In 1988, Finnish computer scientists Esko Ukkonen and Jorma Tarhio conjectured that the simple greedy algorithm for shortest common superstring has a worst-case approximation ratio of 2. Amazingly, the problem is still open almost 40 years later, despite substantial efforts and partial results by many authors (see e.g. https://arxiv.org/abs/2407.20422v1 for a survey of what is currently known about the problem).

Problem statement

The problem is as follows. A string $A$ is considered a substring of string $B$ if there is an occurrence of $A$ inside $B$. For example, the string “art” is a substring of “cartoon”. A superstring is the opposite of a substring: “cartoon” is a superstring of “art”.

The shortest common superstring problem asks: given a set of input strings $A_1, \ldots, A_m$, what is the length of a shortest possible string that is a superstring of each of the input strings. For example, for input strings “rhino”, “tar” and “magenta”, the answer is “magentarhino”. We operate under the assumption that no input string is a substring of another, otherwise we could remove the substring from the input without changing the answer.

The greedy algorithm for the problem is as follows. Repeatedly transform the input by merging an ordered pair of strings with the longest overlap (breaking ties arbitrarily), and repeat until just one string remains. For example, the overlap of “tar” and “magenta” is 2 because we can combine the two words into a single word “magentar” by sharing two letters. The greedy algorithm will run as follows:

“rhino”, “tar”, “magenta”
“rhino”, “magentar”
“magentarhino”

In this case, the algorithm happens to produce the optimal superstring. Sometimes it does worse. The approximation ratio of the algorithm is defined as $|G| / |S|$, where $|G|$ is the length of the string produced by the algorithm, and $|S|$ is the length of an optimally short superstring. The conjecture is that $|G| / |S| \leq 2$ for any run of the algorithm with any tie-breaking method between overlaps of equal length.

In their 1988 paper, Ukkonen and Tarhio show that in the worst case, the ratio must be larger than $2 – \varepsilon$ for any $\varepsilon > 0$, so proving that $|G| / |S| \leq 2$ would complete our understanding of the worst-case behaviour of the algorithm with matching upper and lower bounds.

This might be within reach of AI

It feels to me that this could be one of the statements whose proof boils down into a massive case analysis, like the proof of the four-color theorem. But unlike the four-color theorem, this problem is much less known. If we put a swarm of 10,000 talented computer scientists working at it full time, maybe the problem would be solved in short order, but the problem is not important enough for that.

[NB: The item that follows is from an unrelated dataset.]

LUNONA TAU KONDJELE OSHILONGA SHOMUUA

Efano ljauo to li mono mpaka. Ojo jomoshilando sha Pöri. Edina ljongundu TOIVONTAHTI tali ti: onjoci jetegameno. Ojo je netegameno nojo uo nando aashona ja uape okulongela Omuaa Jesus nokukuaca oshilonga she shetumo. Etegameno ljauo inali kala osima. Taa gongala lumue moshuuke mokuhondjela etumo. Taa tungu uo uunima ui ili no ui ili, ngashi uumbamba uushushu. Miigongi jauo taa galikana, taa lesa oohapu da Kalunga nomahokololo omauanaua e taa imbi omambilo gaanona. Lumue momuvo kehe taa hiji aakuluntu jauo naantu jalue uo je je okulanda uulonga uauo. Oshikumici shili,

But wait, we have math-capable AI now! If it is indeed just tedious case analysis and grinding of formulas, maybe it’s just the right kind of problem for AI. In my experience, the latest thinking AI models are remarkably good at mining for patterns in discrete problems like this. For example, they will automatically write code to enumerate all small instances, make conjectures from that, and try to verify or refute their conjectures with more code. They are also very good at proving elementary and even some not-so-elementary lemmas.

So I let ChatGPT5.2-Thinking loose on the problem. I managed to get it to prove the result for inputs containing up to four strings, but it could not do it for five strings or more. Here’s how it went.

Greedy superstring for a small number of input strings

First I straight-up asked the AI (ChatGPT5.2-Thinking extended) to prove the conjecture. It was hesitant to put in a serious effort, saying that the problem has been open for a long time, and instead started to give me a survey on what is known about it. It took some encouraging to get it to work for real. Here’s how I prompted it:

I know it’s open. But you’re an extremely capable AI with generic problem solving skills. I want you to explore the problem, come up with conjectures, test them, and prove them. Similar to how you would approach a project Euler problem. I know you have the capability. This is not some huge open problem like P = NP. This is well within reach of existing methods. Go!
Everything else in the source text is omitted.